Segment Start: Supplied records
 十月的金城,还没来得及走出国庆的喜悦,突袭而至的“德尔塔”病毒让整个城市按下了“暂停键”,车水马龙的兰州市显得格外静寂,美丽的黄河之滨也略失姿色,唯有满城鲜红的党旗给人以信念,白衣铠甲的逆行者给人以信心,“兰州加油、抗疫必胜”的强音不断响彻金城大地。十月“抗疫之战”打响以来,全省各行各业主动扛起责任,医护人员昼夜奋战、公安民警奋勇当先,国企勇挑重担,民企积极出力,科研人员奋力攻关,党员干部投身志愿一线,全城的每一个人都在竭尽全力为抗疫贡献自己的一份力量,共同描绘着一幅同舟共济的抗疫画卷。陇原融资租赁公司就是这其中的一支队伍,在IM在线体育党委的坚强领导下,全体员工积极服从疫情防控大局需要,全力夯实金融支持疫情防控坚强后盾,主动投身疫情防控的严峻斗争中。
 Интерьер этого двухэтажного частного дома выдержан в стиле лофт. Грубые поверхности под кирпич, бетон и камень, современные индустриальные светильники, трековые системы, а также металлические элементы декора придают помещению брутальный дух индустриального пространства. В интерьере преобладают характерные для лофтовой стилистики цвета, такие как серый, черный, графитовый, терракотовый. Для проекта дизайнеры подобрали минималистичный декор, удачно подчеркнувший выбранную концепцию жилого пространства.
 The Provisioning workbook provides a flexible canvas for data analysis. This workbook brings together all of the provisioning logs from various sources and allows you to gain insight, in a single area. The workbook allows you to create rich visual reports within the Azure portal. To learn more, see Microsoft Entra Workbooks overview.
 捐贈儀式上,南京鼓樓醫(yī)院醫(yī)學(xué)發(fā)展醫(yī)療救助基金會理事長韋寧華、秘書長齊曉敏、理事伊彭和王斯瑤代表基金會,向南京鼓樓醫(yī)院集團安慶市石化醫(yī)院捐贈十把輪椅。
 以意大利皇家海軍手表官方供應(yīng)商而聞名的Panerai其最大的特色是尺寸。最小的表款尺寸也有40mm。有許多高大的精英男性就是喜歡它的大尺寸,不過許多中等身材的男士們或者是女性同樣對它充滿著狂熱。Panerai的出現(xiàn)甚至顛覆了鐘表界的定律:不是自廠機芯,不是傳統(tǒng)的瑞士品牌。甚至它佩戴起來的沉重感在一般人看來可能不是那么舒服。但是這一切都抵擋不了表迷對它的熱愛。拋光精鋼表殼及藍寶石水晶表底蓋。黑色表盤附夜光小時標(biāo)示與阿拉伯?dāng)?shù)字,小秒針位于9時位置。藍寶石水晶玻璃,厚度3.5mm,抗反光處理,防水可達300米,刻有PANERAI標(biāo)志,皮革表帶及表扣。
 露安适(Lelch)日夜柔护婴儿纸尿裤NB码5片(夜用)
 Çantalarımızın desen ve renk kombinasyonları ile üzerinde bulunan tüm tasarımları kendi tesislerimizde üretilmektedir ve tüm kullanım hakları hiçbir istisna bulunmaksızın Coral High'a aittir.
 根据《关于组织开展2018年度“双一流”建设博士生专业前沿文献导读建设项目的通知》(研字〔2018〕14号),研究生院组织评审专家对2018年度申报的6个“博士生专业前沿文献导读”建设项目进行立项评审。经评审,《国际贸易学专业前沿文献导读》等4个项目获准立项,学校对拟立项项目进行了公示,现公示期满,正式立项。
Segment End: Supplied records
* **Task brief**
Retype word for word the line above with "露安适(Lelch)日夜柔护婴儿纸尿裤NB码5片(夜用)" and all lines after it, nothing else.

* **Exercise solution**
 露安适(Lelch)日夜柔护婴儿纸尿裤NB码5片(夜用)
 Çantalarımızın desen ve renk kombinasyonları ile üzerinde bulunan tüm tasarımları kendi tesislerimizde üretilmektedir ve tüm kullanım hakları hiçbir istisna bulunmaksızın Coral High'a aittir.
 根据《关于组织开展2018年度“双一流”建设博士生专业前沿文献导读建设项目的通知》(研字〔2018〕14号),研究生院组织评审专家对2018年度申报的6个“博士生专业前沿文献导读”建设项目进行立项评审。经评审,《国际贸易学专业前沿文献导读》等4个项目获准立项,学校对拟立项项目进行了公示,现公示期满,正式立项。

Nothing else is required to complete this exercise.